И самое главное - в любой момент последнее и решающее слово оставалось за высшим революционным правом (практически - за партийными вождями, партийными чиновниками, их усмотрением): все юридические наработки, правовые тонкости регулирования могли быть разом отброшены, и, пусть в иных словесных формулировках и с какими-то юридически-оправдательными заявлениями, в конечном итоге неизменно, по всем статьям торжествовало высшее революционное право.
Таким образом, советское право (если использовать рассмотренные ранее характеристики права как многогранной системы) представляло собой уникальное нормативное образование, существующее в рамках коммунистической идеологии, ее осовремененных идолов - всесильной партийно-идеологизированной государственности, идола социализма.
Эти особенности советского права находили отражение даже в догме права (доминирование декларативных формул, распространенность неопределенных понятий, открывающих возможность для их произвольного применения, политизированность терминологии и др.).

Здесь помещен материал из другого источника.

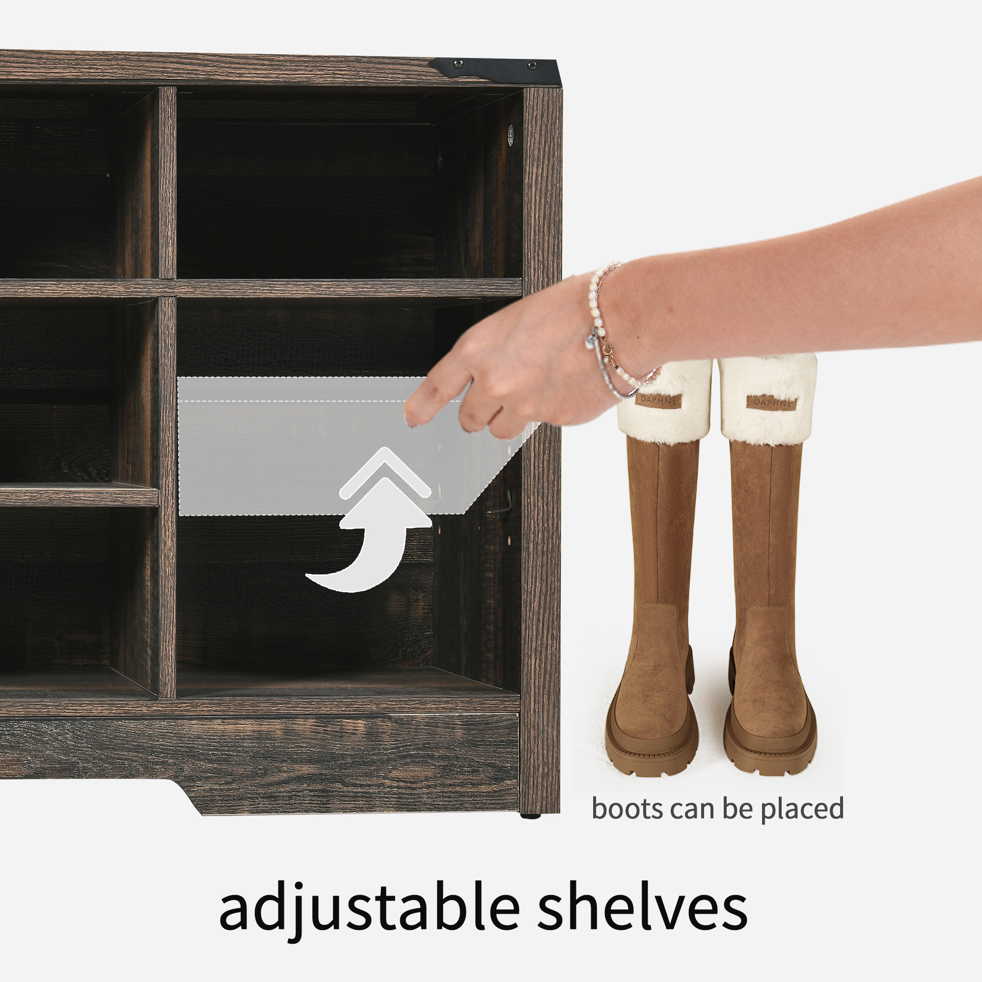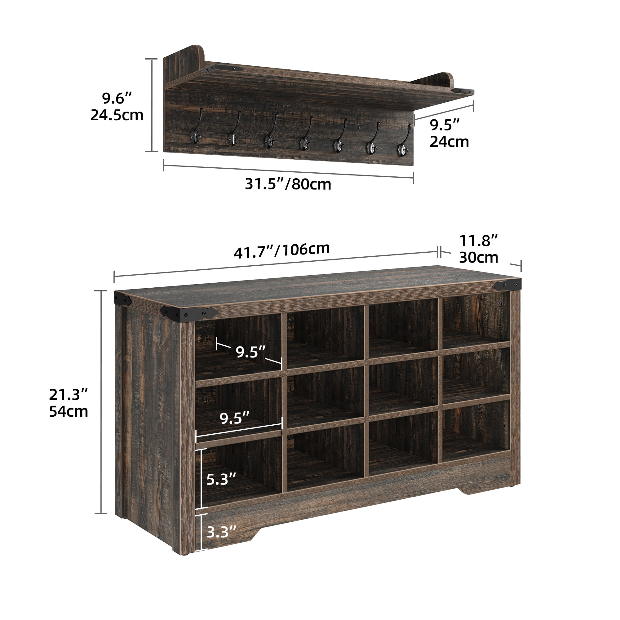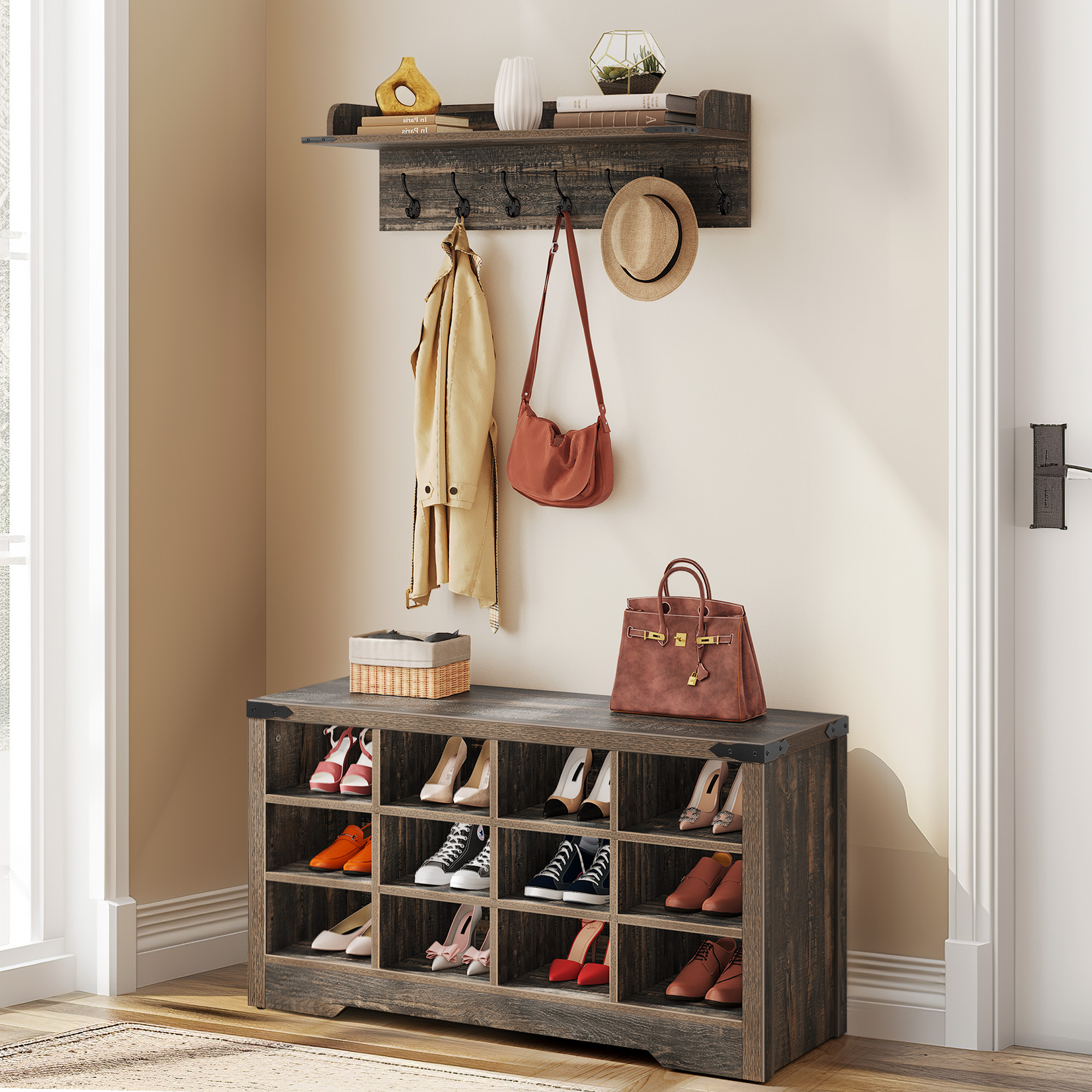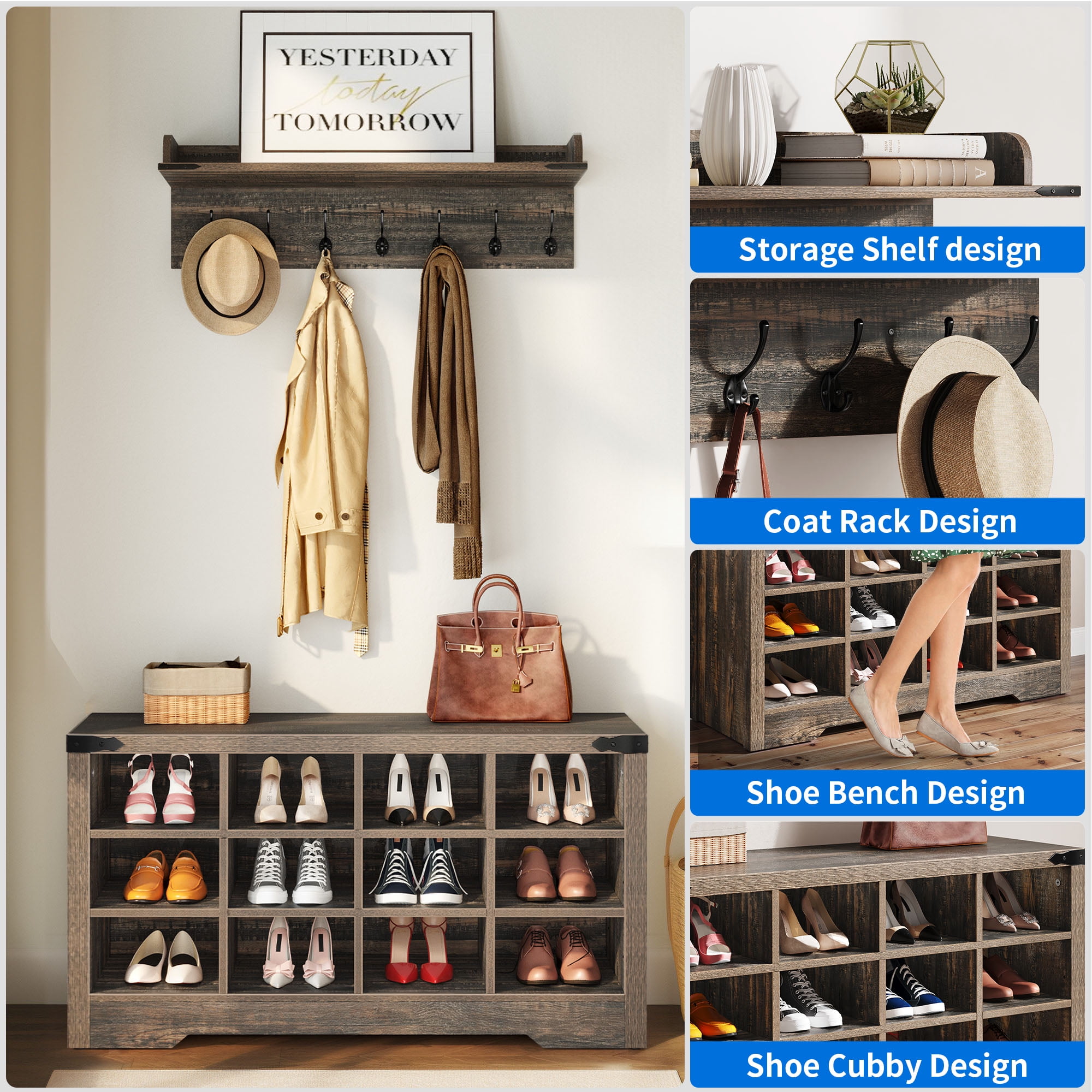 4-In-1 coat rack with bench: Keep your hallway neat and organized with this all-in-one coat rack. It features a top storage shelf, 6 hooks, and a bench with 18 shoe cubbies. Get ready to transform your home! Large storage hall tree: Maximize your storage space with this spacious entry bench. Each of its 3 tiers can hold 5-6 pairs of shoes (depending on shoe size), and there’s even a dedicated cubby for boots. Hang coats, bags, hats, keys, and more on the 7 hooks, and display photos, plants, or books on the 2 storage cubbies with a top shelf. Space saver & flexible structure: Our entryway bench with coat rack offers ample storage without taking up much space. The partition is removable, allowing you to customize the storage layout. Store your boots perfectly, and for larger shoes, we recommend using one cubby per shoe for a better fit. Elegant and Rustic Design: Add a touch of rustic elegance to your space with the YITAHOME wall coat rack with hooks and shoe storage bench. It’s crafted from high-grade particle board, ensuring a stable and sturdy design that won’t wobble or collapse. Easy Assembly: Assembling this coat rack with shoe storage is a breeze with our step-by-step instruction guide. If you have any questions or need assistance, please don’t hesitate to reach out to us. We are dedicated to resolving any issues and ensuring your satisfaction.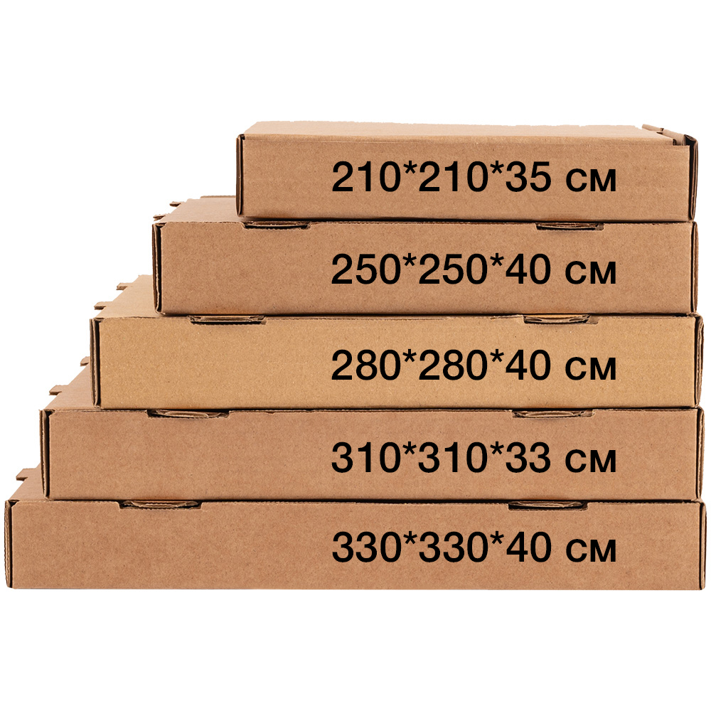 Бурая коробка для пиццы, длиной 250 мм, шириной 250 мм и высотой 40 мм. Изготовлена из трехслойного картона марки Т-23. Полезный объём — 2.5 л. Производится в России.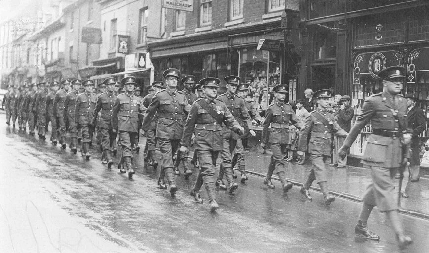 Men of "C" Company, 8th Battalion Worcestershire Regiment marching through Bromsgrove in 1938/1939

Еще в большей мере указанные особенности выражались в "юридическом содержании" советской юридической системы с доминированием в ней запретительно-карательных механизмов, разрешительного типа регулирования, других аналогичных способов и механизмов регулирования, относящихся к социоцентристской культуре. Как справедливо пишет А.П. Семитко, "в социоцентристской правовой культуре главными правовыми средствами (подчеркну: неразвитыми правовыми средствами, часто граничащими с псевдо - или квазиправовыми) являются запреты, обязывания, санкции . . .", при этом " . . . господствует абсолютно обязывающий тип "правового" регулирования, когда обязанностям одной стороны корреспондируют обязанности другой стороны, и у обеих есть еще дополнительные обязанности "сигнализировать" органам власти, вышестоящим должностным лицам в случае неисполнения обязанностей другой стороной"1.
И всё же решающая грань советского права, как и всякой современной юридической системы, это заложенные в ней юридические идеи - идеи "в праве". Именно здесь - впрочем опять-таки незримо - находило свое бытие в наличной правовой материи высшее революционное право, служащее коммунизму, - безусловное верховенство интересов коммунизма (социализма), абсолютное доминирование воли и усмотрения всесильной партийно-идеологизированной государственности. Именно это центральное звено накладывало свою печать на весь облик советского права, предопределяло его ущербность как официальной юридической системы, которая в любой момент по воле вождя и партии готова открыть какое угодно пространство беспрепятственного государственного всевластия, "защиты социализма" - решительного и беспощадного действия высшего революционного права, служащего коммунизму.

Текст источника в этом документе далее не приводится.